DATA FOR THIS TASK:
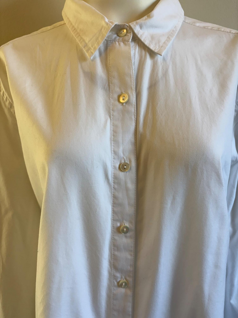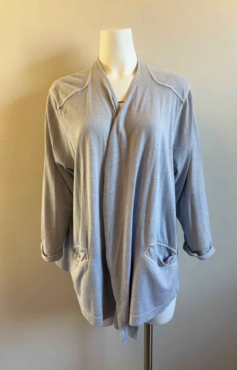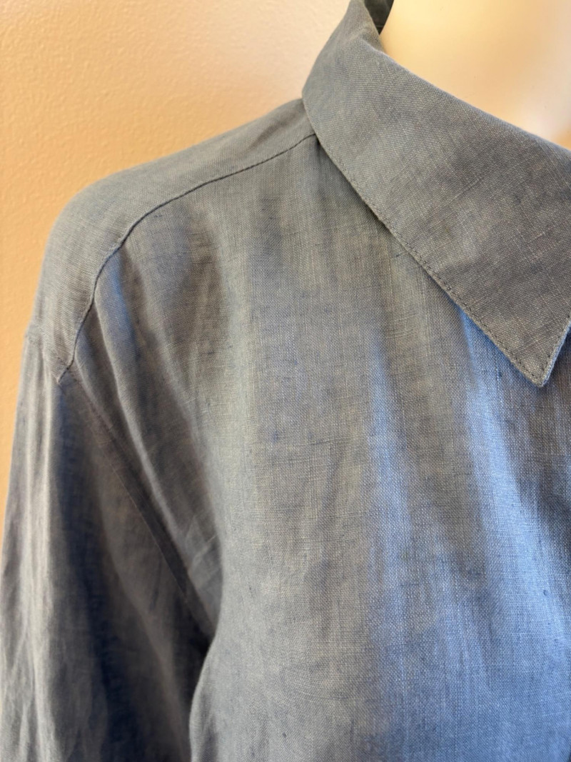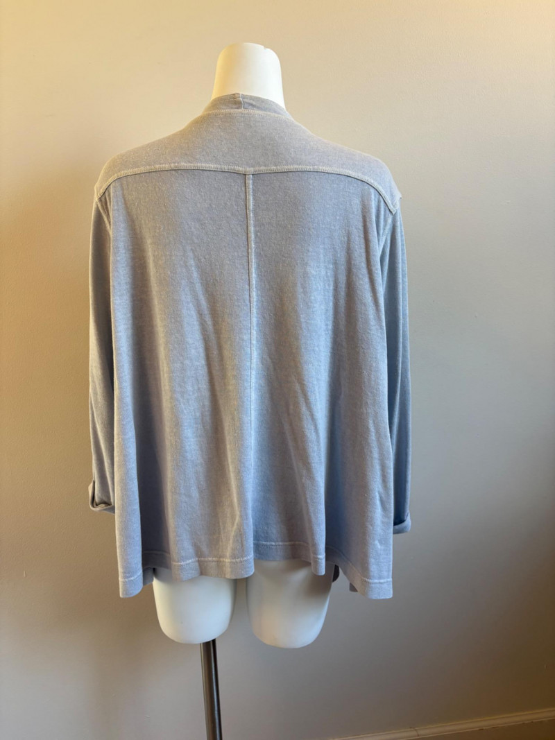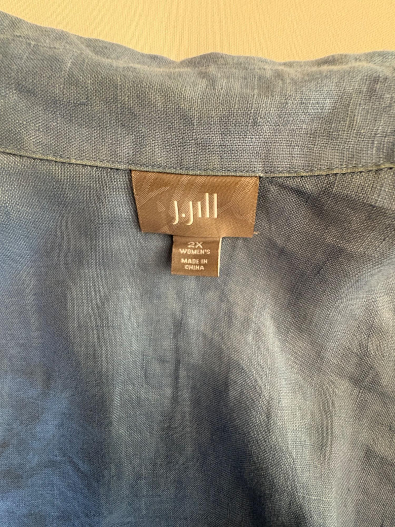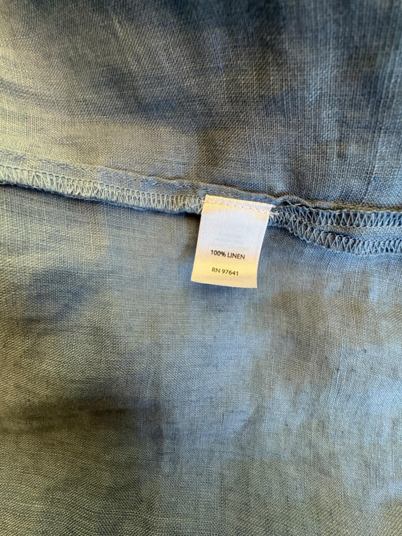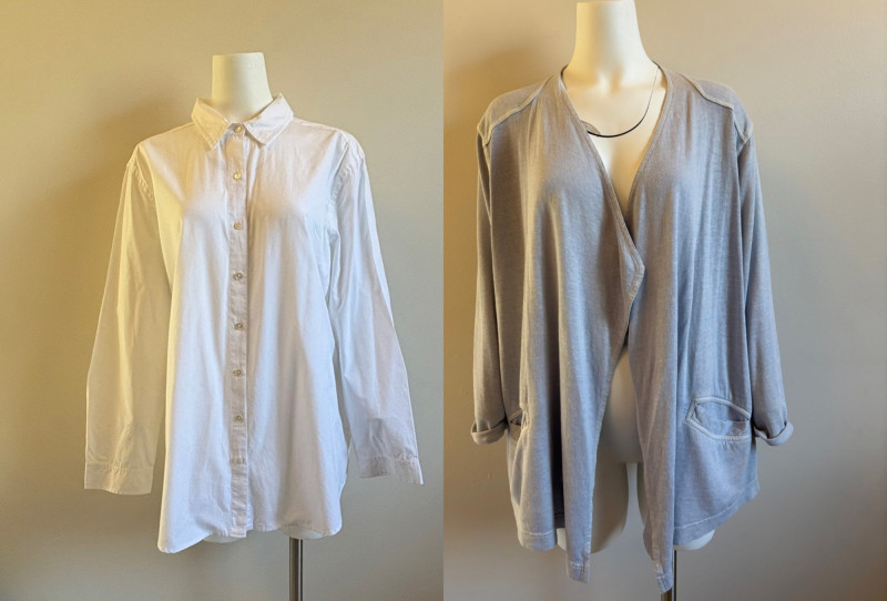 Shirt and knit cardigan for casual style from J Jill and Poetry. Crisp white shirt from J. Jill with classic features: button front closure, single button placket cuffs. curved shirt hem, and back yoke with center pleat. In excellent condition. 100% cotton. Measures 26 pit to pit and 29" from back neck seam to back bottom hem. Size tag says XL. Pale blue cardigan from Poetry with welted pockets, curved shoulder sections, back yoke, and rolled cuffs.. Open front panels extend past the front center when left as is or they could be held surplice style with a brooch/pin for a less casual look. In good condition showing very slight overall fading. 55% hemp with 45% cotton. Measures 26" pit to pit and 25" from back neckline to back bottom hem. Size tag says 18. BONUS - J. Jill blue linen shirt with with front button closure, pleated single button cuffs, bust darts, and split hem. In good condition except for needed repair noted below. 100% linen. Measures 26" pit to pit and 29" from back neck seam to bottom center back hem. Size tag says 2X. Issue: left bust dart stitching has come loose. Solution: 30 seconds of of straight stitch on a sewing machine or 5 minutes of hand stitching along the dart. Please see last picture.
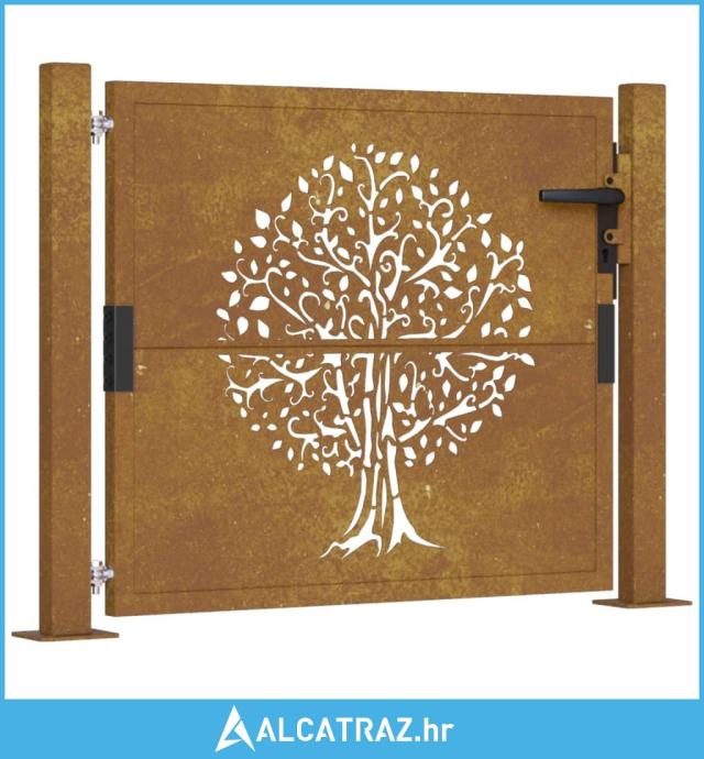 Vrtna vrata 105 x 80 cm od čelika COR-TEN s uzorkom stabla - NOVO
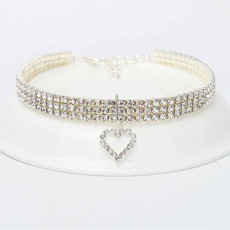 November 4, 2025New Cat Dog Collar Three Row Elastic Rhinestone Pet Collars Love Decoration Necklace Puppy Kitten Ornament Pets Supplies
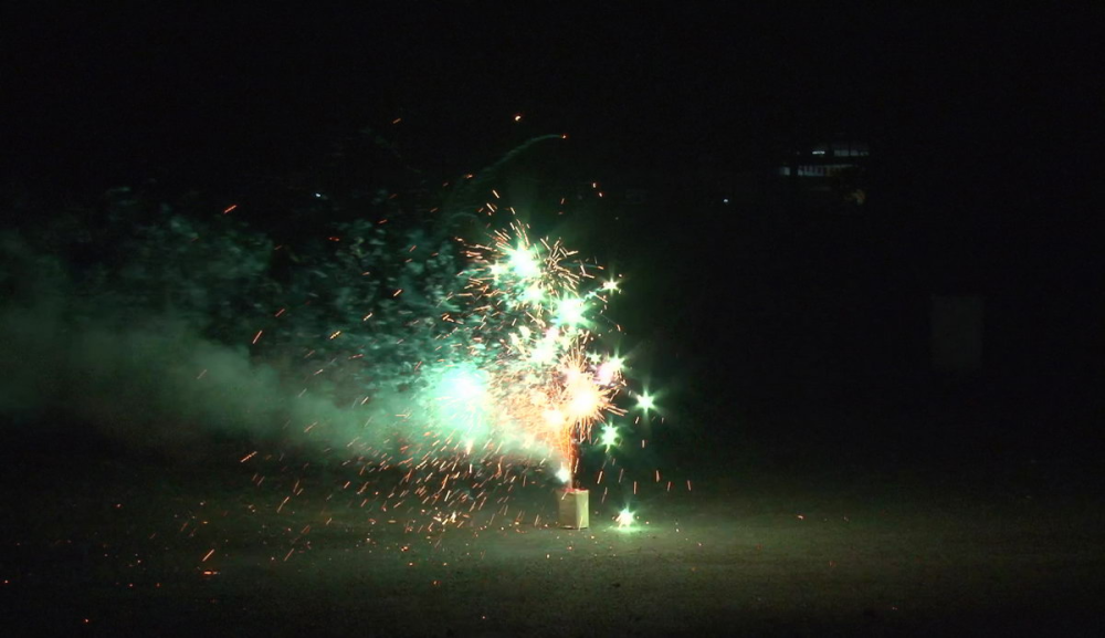 1. Поток из зеленых мерцающих и золотых трещащих разлетающихся огней.
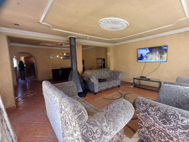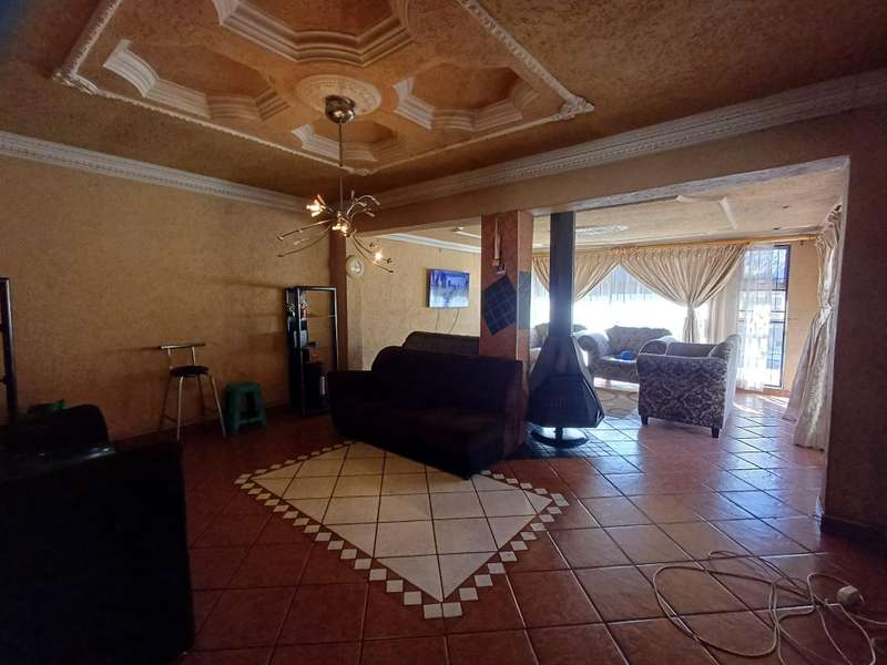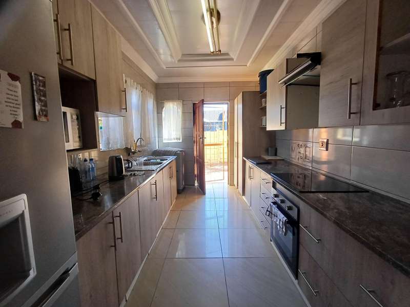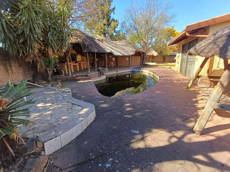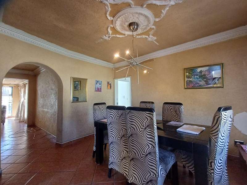 THIS HOME HAS POTENTIAL LOOKING FOR A NEW OWNER WHO WILL GIVE THIS HOME SOME TLC! 3 Spacious bedrooms with cupboards. Master bedroom there is an extra room for storage 2 bathrooms. First bathroom with bath, basin & toilet MES with shower, basin & toilet Kitchen with granite tops, hob, under counter oven and hob. Separate dining room TV lounge and a formal lounge with glass doors opening out to the swimming pool and a large lapa with a built-in braai Double garage Auto access gate
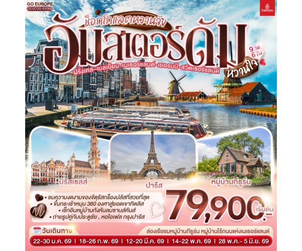 ช็อกโกแลตหวานจัง อัมสเตอร์ดัมหวานใจ ฝรั่งเศส – เบลเยี่ยม - เนเธอร์แลนด์ เยอรมนี - สวิตเซอร์แลนด์ 9 วัน 6 คืน โดยสายการบินเอมิเรทซ์ (EK)

THE PROBLEM:
Output each entry shown above exactly as it stands, with all pictures removed.

WRITTEN RESPONSE:
 Shirt and knit cardigan for casual style from J Jill and Poetry. Crisp white shirt from J. Jill with classic features: button front closure, single button placket cuffs. curved shirt hem, and back yoke with center pleat. In excellent condition. 100% cotton. Measures 26 pit to pit and 29" from back neck seam to back bottom hem. Size tag says XL. Pale blue cardigan from Poetry with welted pockets, curved shoulder sections, back yoke, and rolled cuffs.. Open front panels extend past the front center when left as is or they could be held surplice style with a brooch/pin for a less casual look. In good condition showing very slight overall fading. 55% hemp with 45% cotton. Measures 26" pit to pit and 25" from back neckline to back bottom hem. Size tag says 18. BONUS - J. Jill blue linen shirt with with front button closure, pleated single button cuffs, bust darts, and split hem. In good condition except for needed repair noted below. 100% linen. Measures 26" pit to pit and 29" from back neck seam to bottom center back hem. Size tag says 2X. Issue: left bust dart stitching has come loose. Solution: 30 seconds of of straight stitch on a sewing machine or 5 minutes of hand stitching along the dart. Please see last picture.
 Vrtna vrata 105 x 80 cm od čelika COR-TEN s uzorkom stabla - NOVO
 November 4, 2025New Cat Dog Collar Three Row Elastic Rhinestone Pet Collars Love Decoration Necklace Puppy Kitten Ornament Pets Supplies
 1. Поток из зеленых мерцающих и золотых трещащих разлетающихся огней.
 THIS HOME HAS POTENTIAL LOOKING FOR A NEW OWNER WHO WILL GIVE THIS HOME SOME TLC! 3 Spacious bedrooms with cupboards. Master bedroom there is an extra room for storage 2 bathrooms. First bathroom with bath, basin & toilet MES with shower, basin & toilet Kitchen with granite tops, hob, under counter oven and hob. Separate dining room TV lounge and a formal lounge with glass doors opening out to the swimming pool and a large lapa with a built-in braai Double garage Auto access gate
 ช็อกโกแลตหวานจัง อัมสเตอร์ดัมหวานใจ ฝรั่งเศส – เบลเยี่ยม - เนเธอร์แลนด์ เยอรมนี - สวิตเซอร์แลนด์ 9 วัน 6 คืน โดยสายการบินเอมิเรทซ์ (EK)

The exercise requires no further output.